Atrocity-doers, she calls them, saying the conditions in the detention centers amount to torture chambers.

Deplorable those conditions certainly are, but that’s not the agents’ fault.  What Cronin-Furman carefully elides (deliberately, I say; she is a professor at a prestigious British school, so she knows better) are the reasons for those conditions.

Reasons like the wholly unprecedented flood of illegal aliens across our border.

Reasons like their claiming asylum falsely, having already rejected the asylum—and work opportunities—that Mexico offered them on their way up from the Caravan Triangle.

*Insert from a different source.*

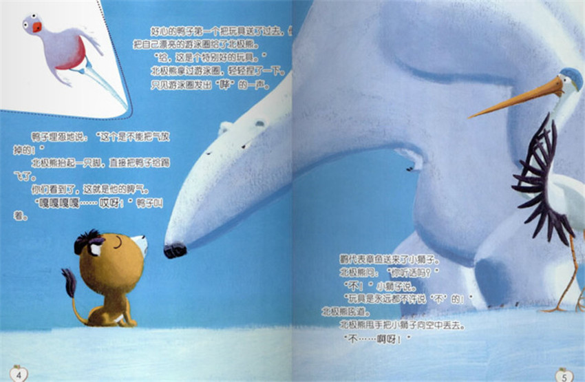 好心的鴨子及時(shí)一個(gè)把玩具送了過(guò)去,把自己漂亮的游泳圈給了北極熊,“給,這是個(gè)特別好的玩具,北極熊拿過(guò)游泳圈,輕輕捏了一下。只見游泳圈發(fā)出“嗶”的聲。鴨子埋怨地說(shuō):“這個(gè)是不能把氣放掉的,北極熊抬起一只腳,直接把鴨子給踢飛了,你們看到了。這就是他的脾氣?!案赂赂赂?.哎呀1”鴨子叫著。

Reasons like Congress’ Progressive-Democrats blocking all efforts to reform our immigration laws to make it harder to enter illegally and much easier to enter legally while at the same time refusing to correct our asylum laws so that the combination of immigration and asylum law could remove incentives to try to enter our nation illegally.

Reasons like Congress’ Progressive-Democrats blocking all efforts actually to secure our southern border with increased and improved security measures, including walls in key sections of our border.  Indeed, many of the Progressive-Democratic Party’s current Presidential candidates have openly called for open borders, decriminalizing illegal entry.

Immediately proximate reasons like Progressive-Democrats in the House of Representatives refusing—for far too long; it took an overwhelmingly bipartisan vote in the Senate to force the question to the House floor—to fund DHS so that Department could expand the detention facilities to meet the “demand” created by that flood of illegal aliens.

Immediately proximate reasons like Progressive-Democrats in the House of Representatives refusing—until that Senate vote—even to allow money to be appropriated for beds and hygiene supplies for those children unless they also could get existing detention facilities disbanded.  “Let those children suffer,” the Progressive-Democrats demanded, “until we get our way.”

If there are atrocities going on on our southern border, they’re in those House Progressive-Democrats’ cynical, despicable dehumanizing of those children, using them as machinations for imposing Progressive-Democrat policies regarding our borders and immigration.  Those children are not human beings in the eyes of those Progressive-Democrats; those children are seen merely as tools to be used for a purpose.

The august personage of Cronin-Furman hasn’t been to our border; she just phoned her piece in (emailed it?) from the safety and comfort of her London school’s office.

Her behavior would be shameful were it not so foolish, or had this professor the grace to know shame.